Invited Speakers

Adi Shamir, Department of Computer Science, Weizmann Institute of Science, Rehovot, Israel

Bio: Professor Adi Shamir was born in Israel in 1952, and received his PhD from the Weizmann Institute of Science in 1977. He is one of the founders of modern cryptography, and had made significant contributions to many of its branches. In 1977 he co-invented (together with Ron Rivest and Len Adleman) the RSA cryptosystem, which remains the best known and most commonly used public key encryption and signature scheme. Among his other inventions are secret sharing schemes, identity-based schemes, Zero-knowledge identification and signature schemes, ring signatures, and a variety of both classical and side-channel attacks on cryptosystems including differential cryptanalysis, cache attacks, bug attacks, and acoustic attacks. For these contributions he received the Pius XI Gold Medal in 1992, the Turing Award in 2002, the Israel Prize in 2008, and the Japan Prize in 2017. He is a member of the Israeli Academy, the US National Academy of Science, the Academia Europaea, the French Academy of Science, and the Royal Society.
A New Theory of Adversarial Examples in Machine Learning: The extreme fragility of deep neural networks when presented with tiny perturbations in their inputs was independently discovered by several research groups in 2013. Due to their mysterious properties and major security implications, these adversarial examples had been studied extensively over the last eight years, but in spite of enormous effort they remained a baffling phenomenon with no clear explanation. In particular, it was not clear why a tiny distance away from almost any cat image there are images which are recognized with a very high level of confidence as cars, planes, frogs, horses, or any other desired class, why the adversarial modification which turns a cat into a car does not look like a car at all, and why a network which was adversarially trained with randomly permuted labels (so that it never saw any image which looks like a cat being called a cat) still recognizes most cat images as cats.

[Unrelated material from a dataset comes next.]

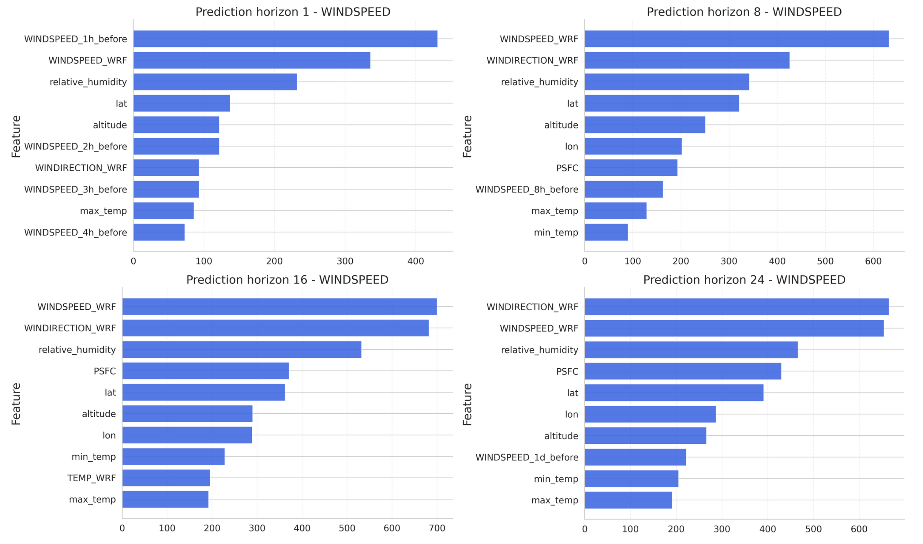 Figure 7 shows the most important features obtained during the training period corresponding to the models of 1, 8, 16 and 24 h of horizon prediction. Results indicate that for very short lead times, recent lagged wind speed values are among the most influential predictors, together with WRF wind variables. However, as the forecast horizon increases, the relative contribution of lagged values decreases, and other predictors such as wind speed and wind direction from WRF model, relative humidity, and surface pressure gain more importance.

The goal of this talk is to introduce a new theory of adversarial examples, which we call the Dimpled Manifold Model. It can easily explain in a simple and intuitive way why they exist and why they have all the bizarre properties mentioned above. In addition, it sheds new light on broader issues in machine learning such as what happens to deep neural networks during regular and during adversarial training. Experimental support for this theory, obtained jointly with Odelia Melamed and Oriel BenShmuel, will be presented and discussed in the last part of the talk.
Karthikeyan Bhargavan, Inria Paris, France, karthikeyan.bhargavan@inria.fr

Bio: Karthikeyan Bhargavan is a researcher at INRIA, where he leads a group called Prosecco (Programming Securely with Cryptography). He received his B.Tech from IIT Delhi in 1997, his PhD from the University of Pennsylvania in 2003, and worked as a researcher in Microsoft Research Cambridge before joining INRIA in 2009.Bhargavan is interested in the design and implementation of program verification techniques that enable robust implementations and formal analyses of real-world security applications.His recent work focuses on using dependent type systems, such as F*. to investigate the (in)security of cryptographic protocols, such as Transport Layer Security (TLS),and to build verified cryptographic libraries, such as HACL*.For more details on the Prosecco research group and it publications, see http://prosecco.inria.fr
High-Assurance High-Performance Cryptographic Software:Every year, many new cryptographic algorithms, constructions, and protocols are proposed, standardized, and deployed across a variety of platforms. However, implementing these cryptographic mechanisms remains a challenging and error prone task, typically entrusted to a few specialists who understand both the subtleties of cryptographic design and the intricacies of the target hardware architectures. The resulting code is comprehensively tested, fuzzed, and subject to manual reviews and audits by experts both before and after deployment. Despite all these measures, however, bugs in cryptographic software are regularly uncovered, often resulting in embarrassing attacks. In this talk, we will show how formal verification can be used to bring higher assurance to cryptographic software development [1]. In particular, we will examine the HACL* verified cryptographic library, which implements a full suite of modern crypto algorithms and is used by mainstream software like the Mozilla Firefox web browser, the WireGuard VPN, the Tezos blockchain, and the Election Guard voting software. We will discuss the verification and compilation methodology used by HACL* to generate portable C code for each cryptographic algorithm [5]. We will see how this methodology can be extended to generate verified C code optimized for single-instruction-multiple-data (SIMD) architectures [3]. We will also show how verified C code from HACL* can be safely composed with verified assembly code for improved performance [4]. By combining these techniques, the verified code in HACL* is as fast as (and sometimes faster than) the unverified handoptimized C and assembly code in mainstream cryptographic libraries. Despite its critical importance, the cryptographic library is only one component in a cryptographic software stack that typically also includes communication protocols, key management, and application code. We will conclude by discussing how the formal verification guarantees of the HACL* cryptographic library can be combined with symbolic protocol analysis to build provably secure implementations of modern real-world cryptographic protocols like TLS 1.3, Signal, and ACME [2]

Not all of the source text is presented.